Requirement → What is needed is an exact repetition of the lines below, from the first one through the one holding "29일 서울 중구 프레스센터", with no pictures and nothing else.

Source information →
================
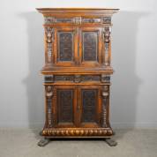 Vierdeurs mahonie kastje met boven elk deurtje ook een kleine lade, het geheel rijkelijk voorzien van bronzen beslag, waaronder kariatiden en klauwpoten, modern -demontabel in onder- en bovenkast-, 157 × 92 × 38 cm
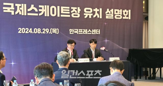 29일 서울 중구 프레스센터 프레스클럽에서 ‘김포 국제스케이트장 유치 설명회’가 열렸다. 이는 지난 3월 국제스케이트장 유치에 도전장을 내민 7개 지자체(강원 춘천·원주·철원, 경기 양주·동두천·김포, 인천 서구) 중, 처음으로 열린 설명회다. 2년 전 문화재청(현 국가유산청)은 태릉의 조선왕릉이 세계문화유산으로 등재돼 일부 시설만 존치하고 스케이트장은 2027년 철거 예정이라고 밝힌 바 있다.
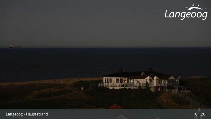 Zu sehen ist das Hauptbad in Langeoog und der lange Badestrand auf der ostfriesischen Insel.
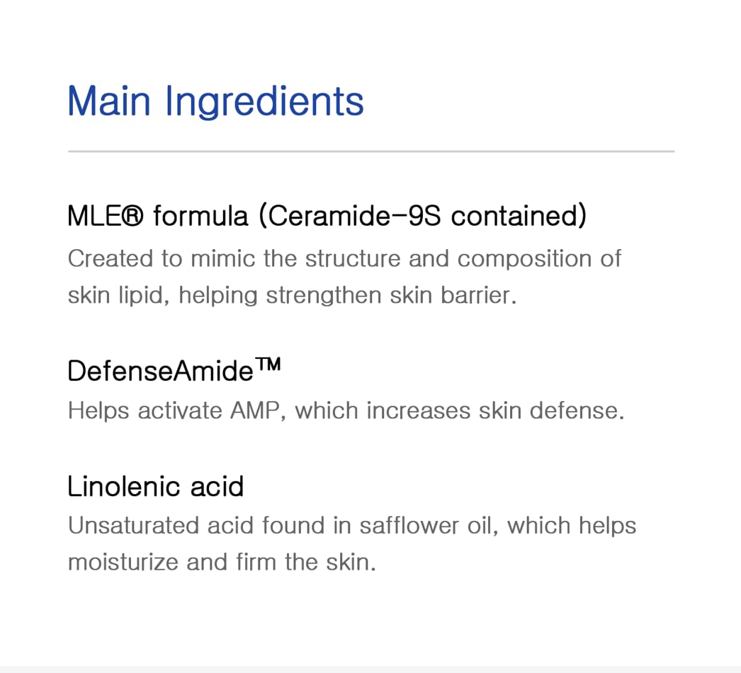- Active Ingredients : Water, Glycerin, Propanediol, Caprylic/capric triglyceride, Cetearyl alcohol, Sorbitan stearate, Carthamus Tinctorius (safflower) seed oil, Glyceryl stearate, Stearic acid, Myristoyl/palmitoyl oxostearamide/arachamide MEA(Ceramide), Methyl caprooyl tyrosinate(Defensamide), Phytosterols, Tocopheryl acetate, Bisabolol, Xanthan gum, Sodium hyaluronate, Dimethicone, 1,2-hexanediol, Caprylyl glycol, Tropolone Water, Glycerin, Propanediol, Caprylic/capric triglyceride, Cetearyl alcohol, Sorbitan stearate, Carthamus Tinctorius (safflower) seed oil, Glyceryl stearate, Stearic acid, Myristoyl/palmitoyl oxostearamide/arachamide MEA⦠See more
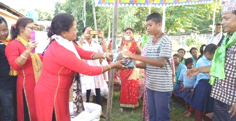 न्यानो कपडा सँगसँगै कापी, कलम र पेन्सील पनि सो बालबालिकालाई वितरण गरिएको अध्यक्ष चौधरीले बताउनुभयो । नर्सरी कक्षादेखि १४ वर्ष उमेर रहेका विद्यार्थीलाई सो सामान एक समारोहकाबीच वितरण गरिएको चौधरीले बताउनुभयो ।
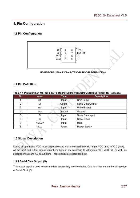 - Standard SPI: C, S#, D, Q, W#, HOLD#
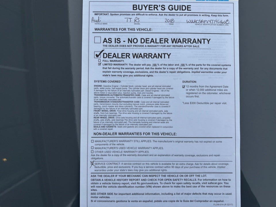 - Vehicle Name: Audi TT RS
================
Answer section →
 Vierdeurs mahonie kastje met boven elk deurtje ook een kleine lade, het geheel rijkelijk voorzien van bronzen beslag, waaronder kariatiden en klauwpoten, modern -demontabel in onder- en bovenkast-, 157 × 92 × 38 cm
 29일 서울 중구 프레스센터 프레스클럽에서 ‘김포 국제스케이트장 유치 설명회’가 열렸다. 이는 지난 3월 국제스케이트장 유치에 도전장을 내민 7개 지자체(강원 춘천·원주·철원, 경기 양주·동두천·김포, 인천 서구) 중, 처음으로 열린 설명회다. 2년 전 문화재청(현 국가유산청)은 태릉의 조선왕릉이 세계문화유산으로 등재돼 일부 시설만 존치하고 스케이트장은 2027년 철거 예정이라고 밝힌 바 있다.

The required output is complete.